Global semiconductor fab equipment spending is forecast to recover this year, growing 3 percent from a year earlier to US$57.8 billion (US$1.93 billion), SEMI said yesterday.
Last year, fab equipment spending slumped 7 percent to US$56 billion, it said.
Spending is forecast to plummet 18 percent year-on-year in the first half due to the COVID-19 outbreak, before rebounding in the second half and hitting a new record next year, the trade group said.
“The COVID-19 outbreak has eroded fab equipment spending in China in 2020, prompting downward revisions to the World Fab Forecast report published in November 2019,” SEMI said in a statement.
Despite continuing headwinds from the virus, Chinese equipment spending should grow about 5 percent to more than US$12 billion this year, the organization said.
Next year, spending from China would surge 22 percent annually to US$15 billion, driven by investments by Samsung Electronics Co, SK Hynix Inc, Semiconductor Manufacturing International Corp (中芯) and Yangtze Memory Technologies (長江存儲), it forecast.

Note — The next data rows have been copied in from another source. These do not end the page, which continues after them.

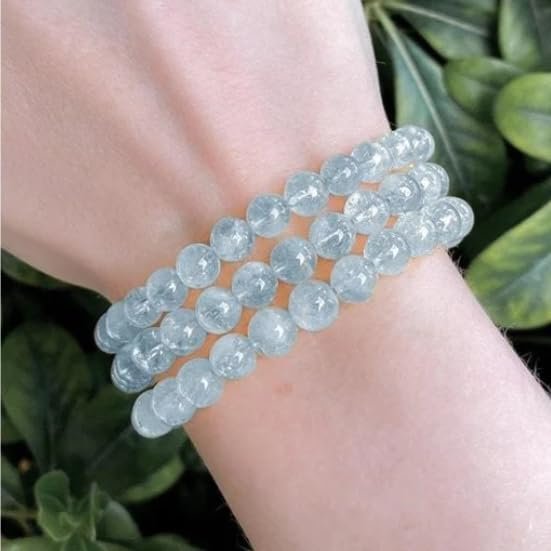 Aquamarine is associated with the throat chakra, enhancing communication and self-expression. It empowers you to speak your truth with clarity and confidence, making it easier to convey your thoughts and emotions., ?Perfect Healing Bracelet? Embrace the vibrant and harmonizing vibes of natural crystal stone. Natural stone bracelet can promote balance, allowing you to navigate life with confidence and enthusiasm. May wearing this spiritual crystal bracelet brings you some healing energy., ?Certified Natural Crystal GemStone Bracelet ?The natural gemstones define the unique beauty of each piece, so every piece is unique. These stone beaded bracelets fit for women and men, will go well with your any outfits., ?100% Genuine Gemstones ?The semi-precious gemstone bracelets are made with hand selected 8mm round high quality beads, safe and durable, do not irritate the skin. The weight and the ice-cold touch on the surface are really nice. These stones are quite beautiful without flaws, shiny and good polished., ?Handmade bracelet Size ?Round bead size is 8mm, Bracelet length is about 7.5 inches, comfortable and easy to wear.Which can suit for most wrist.
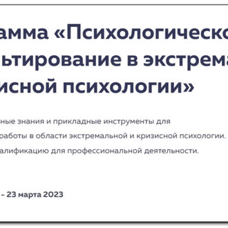 Получите уникальные знания и прикладные инструменты для самостоятельной работы в области экстремальной и кризисной психологии. Повысьте свою квалификацию для профессиональной деятельности.
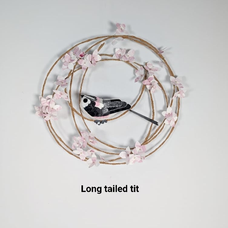 Long Tailed Tit Floral Wreath (wall based or suspended) 27cm high x 27cm wide x 5cm deep approx
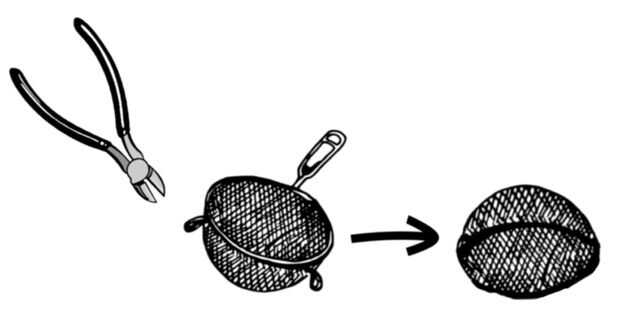 Tomar sus cortadores de alambre y cortar la malla de alambre de la coladera.
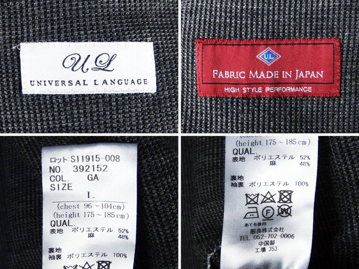 | 商品説明 | ■商品について ブランド名:UNIVERSAL LANGUAGE 生産国:MADE IN CHINA サイズ:L カラー:グレー 素材:ポリエステル 52% リネン 48% ・フロント 2ボタン ・袖裏のみ裏地付き ・袖 開き見せ ・裾 サイドベンツ UNIVERSAL LANGUAGE のテーラードジャケット、 上質な日本製生地を採用した1着、 スッキリとした美しいシルエットが特徴です。 柔らかなジャージ素材で着心地が良く、オンオフ問わず着用頂けます。 着こなしの幅が広いアイテムなのでお勧めですよ。 是非この機会にご購入を検討頂けますと幸いです。 表記サイズ:L 肩幅:約45.5cm (両肩直線) 身幅:約52cm (脇下) 身幅:約47cm (胴幅) 袖丈:約59cm 着丈:約69cm (後身 衿付根から) ※平置にて計測 ※素人採寸のため多少の誤差はお許し下さい ■状態について 全体的に着用に伴う使用感、素材の特徴上若干の毛羽立感はありますが、 まだまだ問題なく着用頂ける状態です。 中古品のため少しでも状態を気にされる方、 完璧な商品をお求めの方は入札をお控え下さい。 -------------------------------------------------------------------- 他にも衣料品を中心に出品させて頂いております。 複数落札して下さった場合には、まとめて発送させて頂きますので、 送料がお得になります。⇒【出品リスト】 |

Taiwan is expected to be the biggest spender this year, estimated at US$14 billion, mainly due to investments by Taiwan Semiconductor Manufacturing Co (TSMC, 台積電) and Micron Technology Inc.
However, Taiwan would see its ranking slide to third place next year, with fab equipment spending forecast to drop 5 percent to US$13 billion, it said.
South Korea should see growth of 31 percent to US$13 billion this year, making it the second-largest fab equipment spender, SEMI said.
Samsung and SK Hynix would be the biggest contributors to the expansion, SEMI said.
South Korea is expected to surpass Taiwan and become the top spender next year, with fab equipment spending climbing 26 percent year-on-year, it said.
Southeast Asia, mainly Singapore, is expected to register a robust growth of 33 percent year-on-year to US$2.2 billion this year, it said.
The region is expected to grow 26 percent next year, SEMI said.